_Task_:
Repeat the listing exactly, minus the pictures.

_Data_:

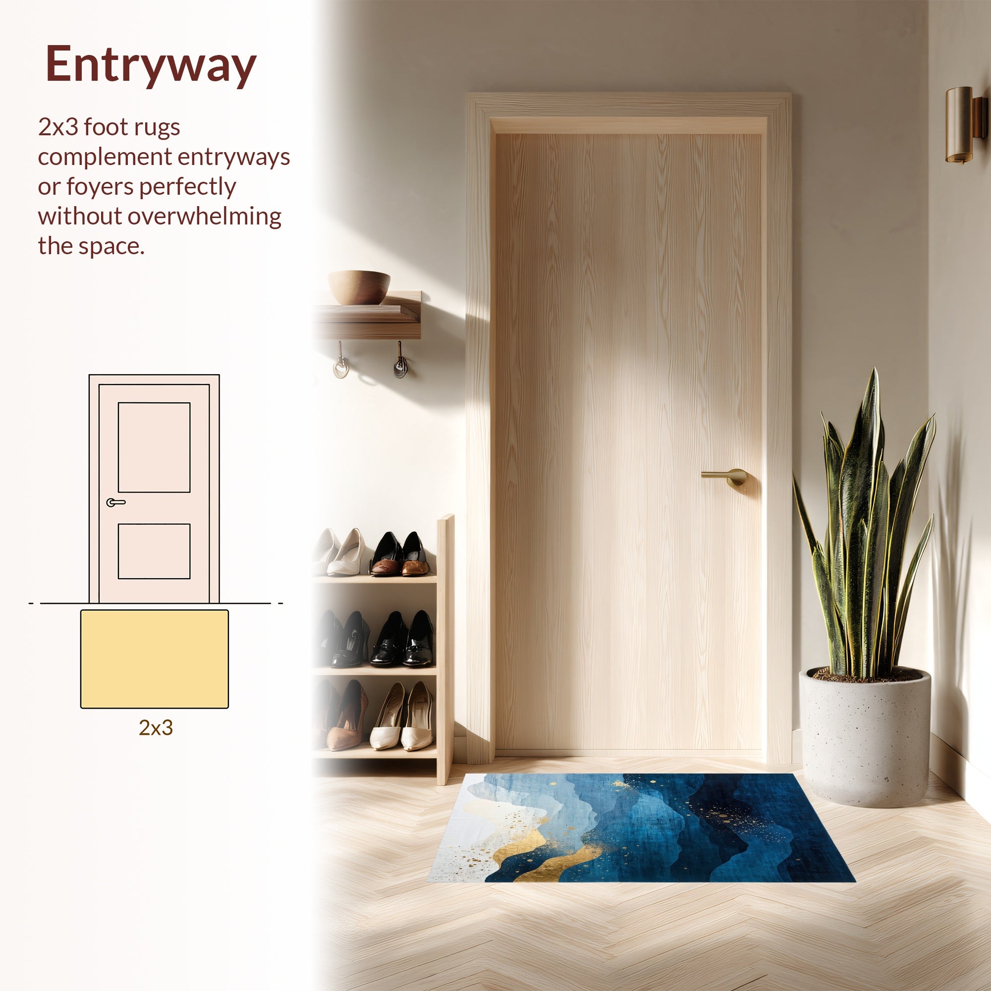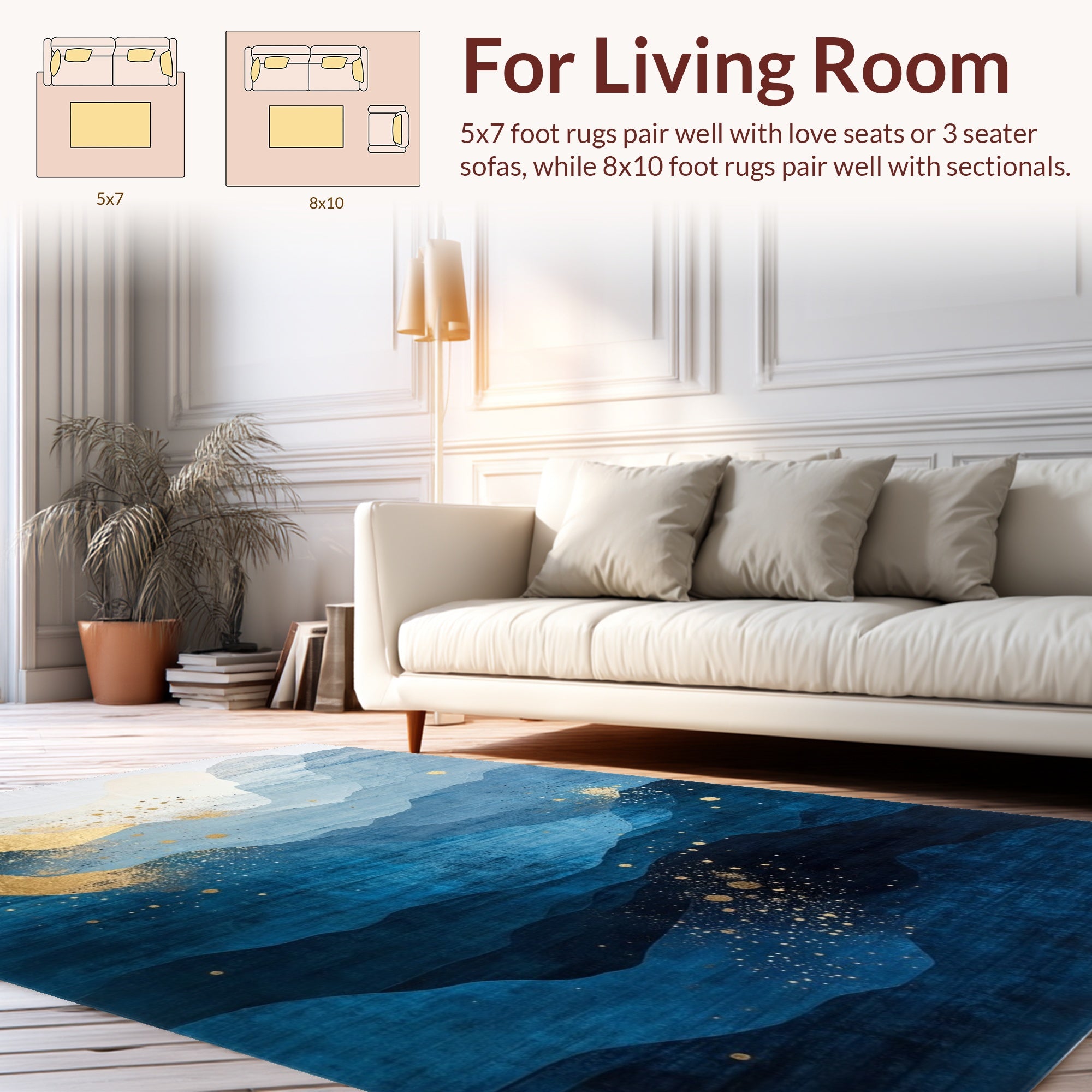 Ultra Soft Area Rug, Non Slip, Stain Resistant, Washable Area Rugs for Living Room, Bedroom, Abstract Carpet Deep Blue Gradient Gold Brushstroke(Blue) Overview:
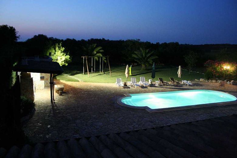 L'appartamento è posizionato su un vasto terreno completamente recintato, immersa nel verde della suggestiva campagna salentina, a circa tre km dalla Costa di Tricase caratterizzata da un mare cristallino ed incontaminato. La struttura è di recentissima realizzazione è il luogo ideale dove le famiglie o piccoli gruppi possono trascorrere le loro vacanze indisturbati. L'appartamento è adiacente ad un secondo. Entrambi, completamente indipendenti, per la loro esposizione e ventilazione risultano essere molto freschi anche nei periodi più soleggiati. Sono arredati in stile rustico e trasmettono il tipico charme delle tenute locali e offrono relax e confort grazie alla piscina con solarium attrezzato. L'appartamento è di circa 50 mq è composto da: due camere da letto, un ampio soggiorno con divanetto e zona tv con impianto satellitare, angolo cottura completo di stoviglie, biancheria da cucina, frigorifero e forno a microonde, bagno. All'esterno la struttura dispone di due verande private, di cui una attrezzata con tavolo, sedie, sdraio e un grazioso barbecue per piacevoli serate sotto il cielo stellato accompagnate da suoni magici della campagna salentina o dai ritmi coinvolgenti della " Pizzica o Taranta". A disposizione degli ospiti inoltre, servizi igenici supplementari all'esterno, docce esterne, una magnifica piscina (5x11 m con scala romana) con salorium attrezzato di ombrelloni, lettini, sdraio, lavatrice in comune, ferro da stiro, biancheria da bagno e da letto con cambio settimanale, phon, Parcheggio interno coperto, zona giochi per i bambini con altalene, scivolo e casetta in legno. E' possibile inoltre accedere all'ampio terrazzo per prendere il sole nella massima riservatezza.
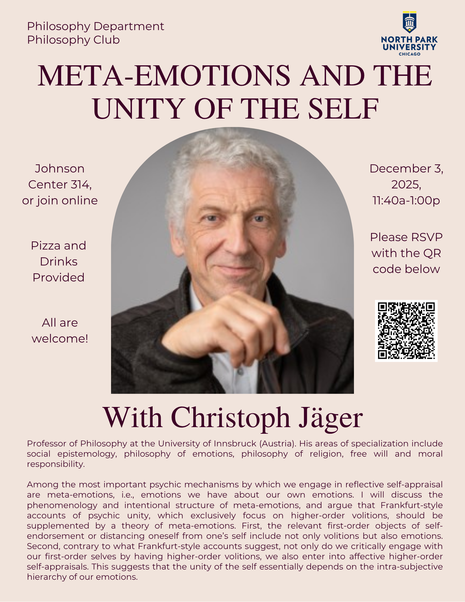 - Meta-Emotions and the Unity of the Self, Online-Vortrag, 3.12., North Park University & Philosophy Club, Chicago

_Solution to this exercise_:
 Ultra Soft Area Rug, Non Slip, Stain Resistant, Washable Area Rugs for Living Room, Bedroom, Abstract Carpet Deep Blue Gradient Gold Brushstroke(Blue) Overview:
 L'appartamento è posizionato su un vasto terreno completamente recintato, immersa nel verde della suggestiva campagna salentina, a circa tre km dalla Costa di Tricase caratterizzata da un mare cristallino ed incontaminato. La struttura è di recentissima realizzazione è il luogo ideale dove le famiglie o piccoli gruppi possono trascorrere le loro vacanze indisturbati. L'appartamento è adiacente ad un secondo. Entrambi, completamente indipendenti, per la loro esposizione e ventilazione risultano essere molto freschi anche nei periodi più soleggiati. Sono arredati in stile rustico e trasmettono il tipico charme delle tenute locali e offrono relax e confort grazie alla piscina con solarium attrezzato. L'appartamento è di circa 50 mq è composto da: due camere da letto, un ampio soggiorno con divanetto e zona tv con impianto satellitare, angolo cottura completo di stoviglie, biancheria da cucina, frigorifero e forno a microonde, bagno. All'esterno la struttura dispone di due verande private, di cui una attrezzata con tavolo, sedie, sdraio e un grazioso barbecue per piacevoli serate sotto il cielo stellato accompagnate da suoni magici della campagna salentina o dai ritmi coinvolgenti della " Pizzica o Taranta". A disposizione degli ospiti inoltre, servizi igenici supplementari all'esterno, docce esterne, una magnifica piscina (5x11 m con scala romana) con salorium attrezzato di ombrelloni, lettini, sdraio, lavatrice in comune, ferro da stiro, biancheria da bagno e da letto con cambio settimanale, phon, Parcheggio interno coperto, zona giochi per i bambini con altalene, scivolo e casetta in legno. E' possibile inoltre accedere all'ampio terrazzo per prendere il sole nella massima riservatezza.
 - Meta-Emotions and the Unity of the Self, Online-Vortrag, 3.12., North Park University & Philosophy Club, Chicago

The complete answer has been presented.